Hormone-related sleep issues present another challenge. Both estrogen and progesterone affect sleep quality and quantity; as your hormones drop, sleep disturbances rise, resulting in poor recovery. (Recurring bouts of hot flashes and night sweats don’t help, either. And yes—you can blame estrogen loss for that, too.) But before you reach for the melatonin, Sims recommends downing a glass of tart cherry juice 30 minutes before bed instead. Not only has tart cherry juice been shown to improve endurance and reduce inflammation (prompting faster recovery), it’s also one of the few food sources of sleep-promoting melatonin.
Change Your Workout Fuel
Declining estrogen causes your body to become more sensitive to carbohydrates and insulin, which wreak havoc on your metabolism. You may also struggle to digest fructose, which is a common ingredient in sports-nutrition products. “Change your diet to emphasize high-quality protein, fat, and carbohydrates from fruit, vegetables, and whole grains,” Sims says. She also recommends replacing fructose-containing sports-fuel products with those containing simple sugars such as glucose, dextrose, and sucrose, which fuel menopausal bodies with fewer associated gastrointestinal issues.

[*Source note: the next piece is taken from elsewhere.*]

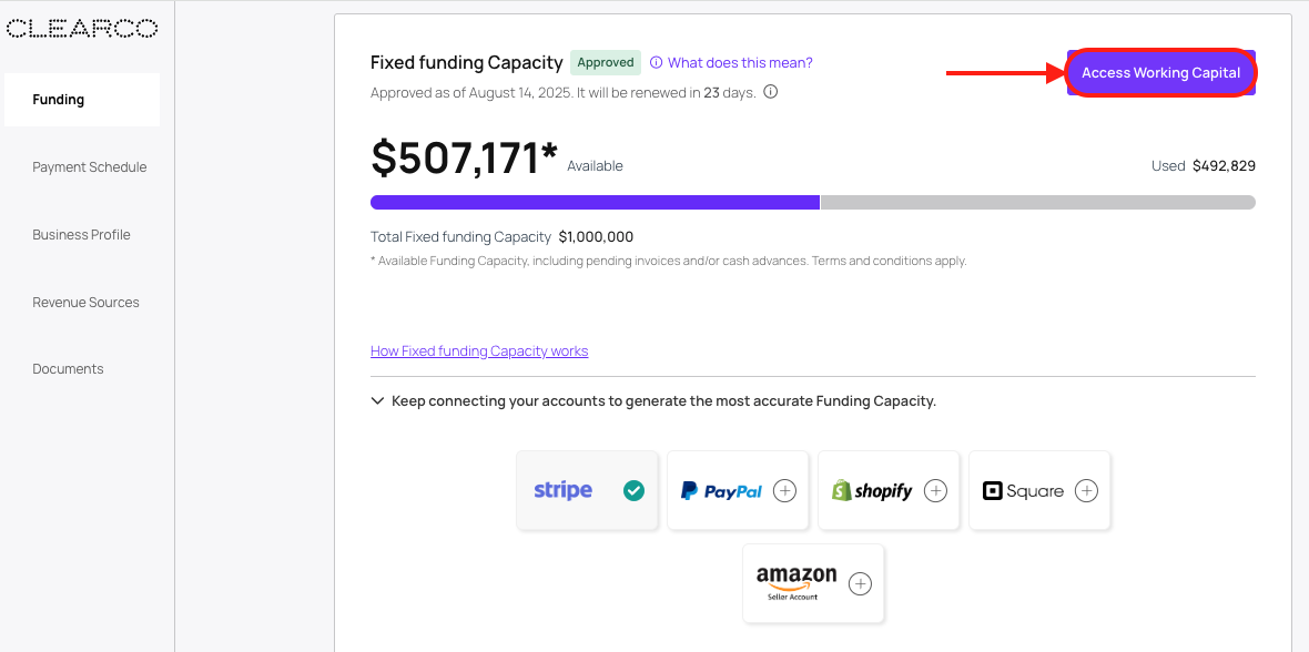 Once you have completed your business profile and connected revenue sources, your dashboard may show a preliminary capacity, with the option to access working capital.

You also need to eat protein. A lot of it. Your daily protein needs vary based on activity levels. But for anyone in menopause, Sims recommends about 1.1 grams of protein per pound of body weight. For a 150-pound person, that’s more than 160 grams of protein per day.

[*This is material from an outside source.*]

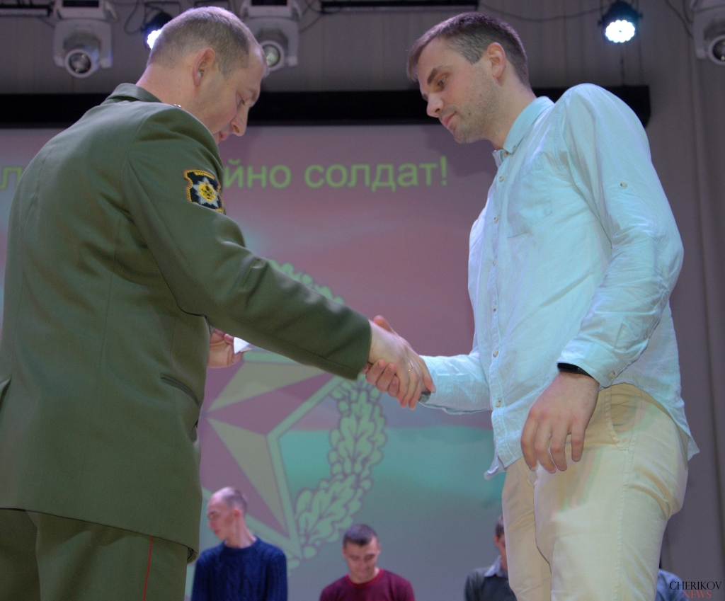 Затем призывников пригласили в районный Дом культуры, где проводить юношей добрым напутственным словом пришли почетные гости заместитель председателя районного исполнительного комитета Лариса Осмоловская, военный комиссар Чериковского и Краснопольского районов подполковник Юрий Головнев, почетный гражданин Чериковского района Андрей Медведев, представители организаций и предприятий района, родители и близкие ребят.

While that protein should be spread throughout the day, Sims is adamant about one point: menopausal people need to consume a whopping 40 grams of high-quality protein with about four grams of leucine (one of nine essential amino acids) within 30 minutes of a hard workout to help build lean muscle and recover. Two scoops of most whey protein powders (or a leucine supplement) will get you there, but you can also get leucine from food sources, including eggs, soybeans, chicken, almonds, beef, salmon, and peanuts. There’s also new research suggesting that getting enough high-quality leucine may reduce cognitive impairment—sometimes called brain fog—that many people cite as a menopausal symptom. That’s because it helps decrease levels of tryptophan in the brain. While tryptophan is a generally beneficial amino acid that can be converted into serotonin and melatonin (which help sleep and mood), too much of it can make you feel fuzzy and fatigued.
Make sure you get enough calcium and vitamin D. The National Osteoporosis Foundation recommends a total daily intake of 1,200 milligrams calcium and between 800 to 1,000 international units (IUs) of vitamin D for good bone health. For reference, a glass of milk contains about 300 milligrams of calcium, and one serving of salmon nets you between 250 and 1,000 IUs of vitamin D (wild-caught salmon boasts higher levels of vitamin D). If you aren’t sure you’re getting enough from your diet, don’t hesitate to take a supplement.
Don’t Give Up
If you’re months or years past the menopausal transition, don’t despair. There’s still time to mitigate its effects on your body.
“Exercise can’t entirely reverse the effects of declining estrogen on the body,” the University of Colorado’s Kohrt says. “But there are so many potential health benefits, regardless of what you do. Anything is better than nothing—and it’s never too late to start.”